Jack Bailey

Personal information
- Full name: Jack Arthur Bailey
- Born: 22 June 1930 Brixton, London
- Died: 12 July 2018 (aged 88)
- Batting: Right-handed
- Bowling: Right-arm fast-medium

Domestic team information
- 1953–1958: Essex
- 1956–1958: Oxford University

Career statistics
| Competition | First-class |
| Matches | 112 |
| Runs scored | 641 |
| Batting average | 5.82 |
| 100s/50s | 0/0 |
| Top score | 29* |
| Balls bowled | 18,023 |
| Wickets | 347 |
| Bowling average | 21.62 |
| 5 wickets in innings | 20 |
| 10 wickets in match | 2 |
| Best bowling | 8/24 |
| Catches/stumpings | 67/– |
- Source: Cricinfo, 21 July 2018

= J. A. Bailey =

English cricketer and administrator (1930–2018)
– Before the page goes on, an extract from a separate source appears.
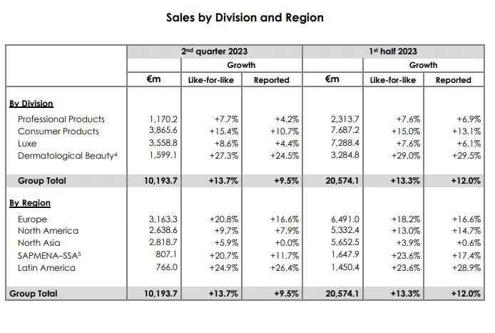 同樣是今年的上半年,歐萊雅的大眾化妝品部門銷售規(guī)模罕見重回四大業(yè)務(wù)部門第一,增速達(dá)15%,高端化妝品部門的銷售規(guī)模雖然緊隨其后排名第二,但增速墊底,僅為7.7%。

Jack Arthur Bailey (22 June 1930 – 12 July 2018) was an English first-class cricketer and administrator.

Born at Brixton in London in 1930, Bailey was educated at Christ's Hospital in Horsham and University College, Oxford. He played for Essex County Cricket Club and Oxford University as a tail-end right-handed batsman and a right-arm fast-medium bowler, making 112 first-class appearances between 1953 and 1958. He took 347 wickets at a bowling average of 21.62 runs per wicket. Among his many matches for Marylebone Cricket Club were tours to East Africa, South America, Canada and the United States, Holland and Denmark. Playing for MCC against Ireland in a first-class match in 1966, Bailey returned match figures of 13 for 57, taking 5 for 33 in the first innings and a career-best 8 for 24 in the second.

He succeeded Billy Griffith as Secretary of the MCC in 1974, following a spell as Assistant Secretary. He resigned in controversial circumstances in 1987, following a dispute over the ceding of further power to the Test and County Cricket Board.

Bailey wrote a biography of his Essex teammate Trevor Bailey (Trevor Bailey: A Life in Cricket, 1993) and a memoir of his time at Lord's (Conflicts in Cricket, 1989). He also wrote for The Sunday Telegraph and The Times.

He died on 12 July 2018 at the age of 88.